A couple of events over the past days have brought to the fore two individuals who can be described as the antithesis of one another: head of state, George Vella, and head of school and ADPD colleague, Mario Mallia.

A palpable sense of scorn and outrage was directed at our president who didn’t have the spine to stand for what he professes as his principles.

Instead, he fled for all he was worth, for the safety of Birmingham, in an act of cowardice and puerility, his conscience appeased by the fact that it was his stand-in who signed the IVF law.

No wonder many are questioning the hefty pay cheque we taxpayers have to churn out (around €66,000 plus perks) for someone who does precious little and stands for absolutely nothing.

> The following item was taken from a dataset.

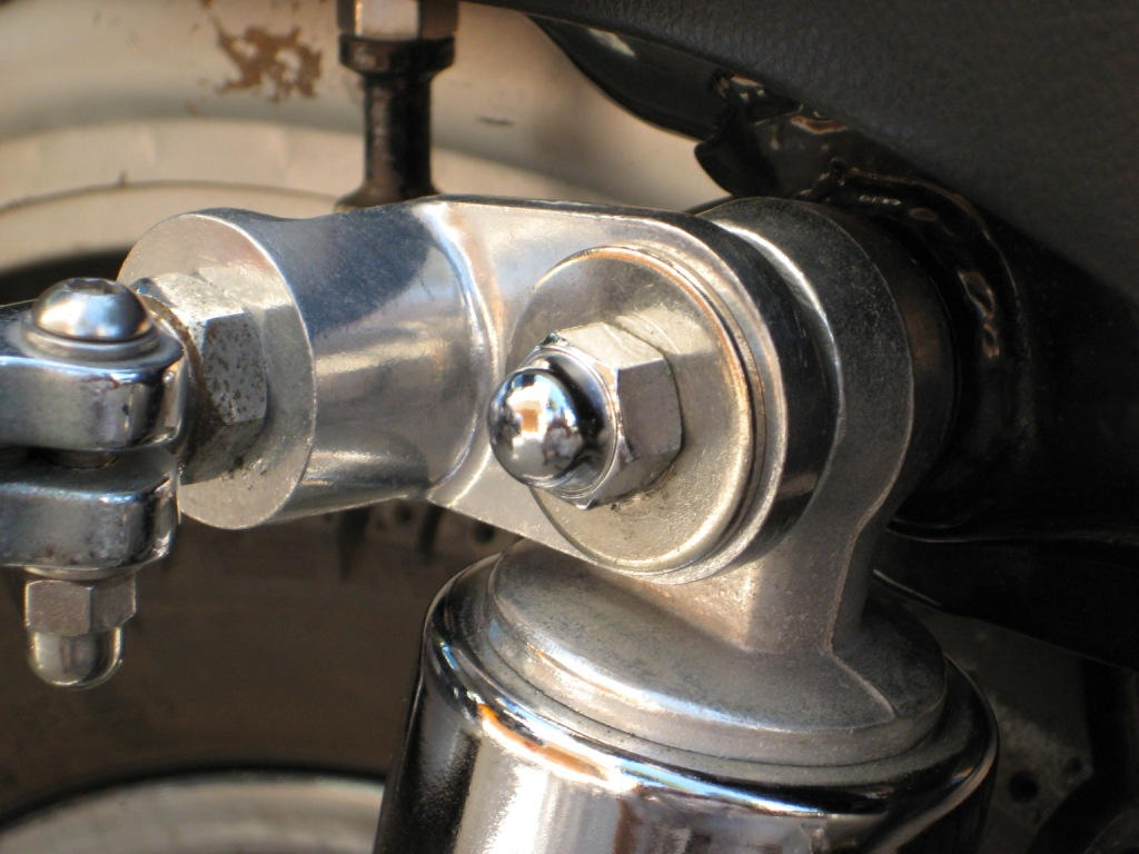 The brackets came with a set of AM rear footpegs from thor212 on eBay. I couldn't use the pegs, but they are dinky. The brackets worked a treat after a bit of adjustment, partially countersinking with a 16mm countersinker, to fit over the upper rear suspension mounts. The grey tubing covering the ends of the studs and the wires is just a stripped-off length of multicore cable jacket.

Not that we had any doubt, of course.

His track record in supporting the Labour government’s obscenities and corruption in parliament are well-documented and no amount of crocodile tears or talk of “national unity” will change that.

On the other hand, we have Mario, an experienced educator who was at the helm of St Albert the Great for the past 16 years.

He not only stood by his principles – empathy, acceptance and love – but fought for them and, ultimately, paid the price for what seems to be a show of force by people who should have known better but instead caved into other interests when push came to shove.

In fact, this so-called board which fired him appeared determined to dim the bright light which Mario is and discredit his achievements.

Instead, his work, acts and every single word he has uttered so far have been positively received in all quarters. His brainchild, MEET, introduced to enhance the prospects of inclusivity for students with different backgrounds, religions and abilities, was the bone of contention.

A religious order appointing a professional educator with experience and a warrant ought to support foresight and professionalism. While it is in order to seek explanations, surely the track record of 16 years’ hard work at the helm are glaringly obvious.

From my own personal experience, having formed part of the teaching profession for the past 20 years, never have I witnessed such an outpouring of love, emotion, solidarity and respect towards a headmaster. Usually, it’s more a question of good riddance, with teachers secretly celebrating in their staff rooms at the departure of the umpteenth useless trophy headmaster.

This country can do without leaders in George Vella’s mould but desperately needs others like Mario Mallia- Sandra Gauci

Mario is no such thing. He put in the hours with energy and professionalism and put students and staff first.

And it shows!

Principles in Malta have steadily been losing their appeal but, in this ocean of spinelessness, it seems people are craving some sort of hero, a personality or character who stands for something. In a country run by stooges and moving on cronyism, no wonder people hail Mario.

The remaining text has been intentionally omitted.